The past week has been an emotional whirlwind. I guess out of naivety more than anything, I ended up testing the idea of being yourself, allowing your vulnerabilities to be seen by others and owning it. Although I learned a lot in the aftermath of being judged online and trying to decipher constructive criticism from veiled superiority, it was definitely not an experience I would like to repeat. I’m able to dismiss abuse and horrible labels, but the cases where semi-intelligible criticisms turn out to primarily serve the ego of the advice giver, these do kind of get to me because it takes being open to vulnerability to sincerely evaluate these messages, only to discover inauthenticity in a more refined state.

Although this poor experience, especially in an online environment, does not represent what may happen in real life interactions, I don’t think further testing is necessary. INTPs are born by nature to be disliked by the greater good, and that is separate from whether we should choose to serve it. It’s down to the way we think, no matter how normal we can learn to act on the outside. It cannot be inauthentic to distance yourself from people in general if that is required to maintain your own well-being. This is a lesson that has taken me a year to figure out for myself. It will take a while yet to become more comfortable with it too.

In Europe, I re-discovered a huge part of myself that has not seen light of day since I was a small kid. It felt like I opened Pandora’s box; if there was an INTP version then Pandora’s box probably contains emotions and feelings. This is not the first time I’ve opened such a box, but boy, I certainly didn’t expect to find a second. In fact, it kind of ruined many of my plans. I half-expected everything I learned in Europe to stay put, but that didn’t happen. On returning home it was a collision of two worlds—mostly peaceful—but I still have to figure out how to sort this mess and clear out what end up classifying as garbage.

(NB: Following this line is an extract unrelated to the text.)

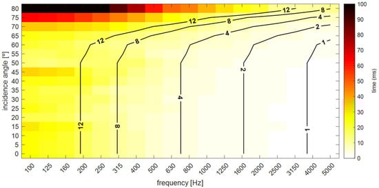 Minimum propagation time needed to compute the diffuse field sound absorption coefficient of a 60 mm melamine sheet, for each angle and frequency, with an error of 10−3. True value of alpha was calculated with an average of the last 150 ms calculation. Black lines delineate time limits in milliseconds.

A key difference between traveling and normal life is that when traveling you’ll meet and interact with people that you’ll never see again. In a way, the consequences of how you treat these people are irrelevant to you because they’re externalized, whereas at home it’s a small world and your actions may come to affect you and others with observable long-term effects. The idea that you can do whatever you want in another country with people you’ll never see again, that actually makes me feel more safe about expressing kindness, whether or not it is appreciated. Not being around to see the repercussions is good, because I don’t grow attached (and I don’t have the ability to care).

Unfortunately, arriving home, realizing and coming to terms with the fact that I still have friends from the trip—people who I have grown to care about—is rough. When people get to know a certain part of me, I care too much. I’m too emotionally sensitive. And this contrasts greatly with my logical side, which craves a bit more sanity in everyday life. It’s hard for me to maintain a healthy middle ground, and while switching between the two is possible, it’s still chaotic.

Friends are resources that you invest in for long-term benefits. That’s how most people seem to behave, and I should do well to learn that. The whole feelings and attachment thing is counterproductive and just gets in the way. No one feels the same way I do, and no one appreciates it, not even me. It’s a lose-lose thing.

I’ve learned a lot about this week about my state of progress. This new sense of emotional awareness is dangerous. The effort I’ve put into developing my emotional maturity has made a difference, but all the same the things I have to deal with now have escalated beyond my current capabilities. Human interaction affects my mood. My mood affects my emotions and feelings. Strong feelings get overwhelming and distract me from things that matter more. If I can’t process all these feelings, the logical solution is to limit the source, which really comes down to human interaction.

I need to be more selfish. I need to stop caring so much. I need to realize that what people think of me, especially my friends, is irrelevant. People and friends are just resources, nothing more and nothing less. It is extremely difficult for me to adopt such a mantra, and yet I feel like it’s the healthy thing to do.

I care about you but I don’t give a shit what you think about me.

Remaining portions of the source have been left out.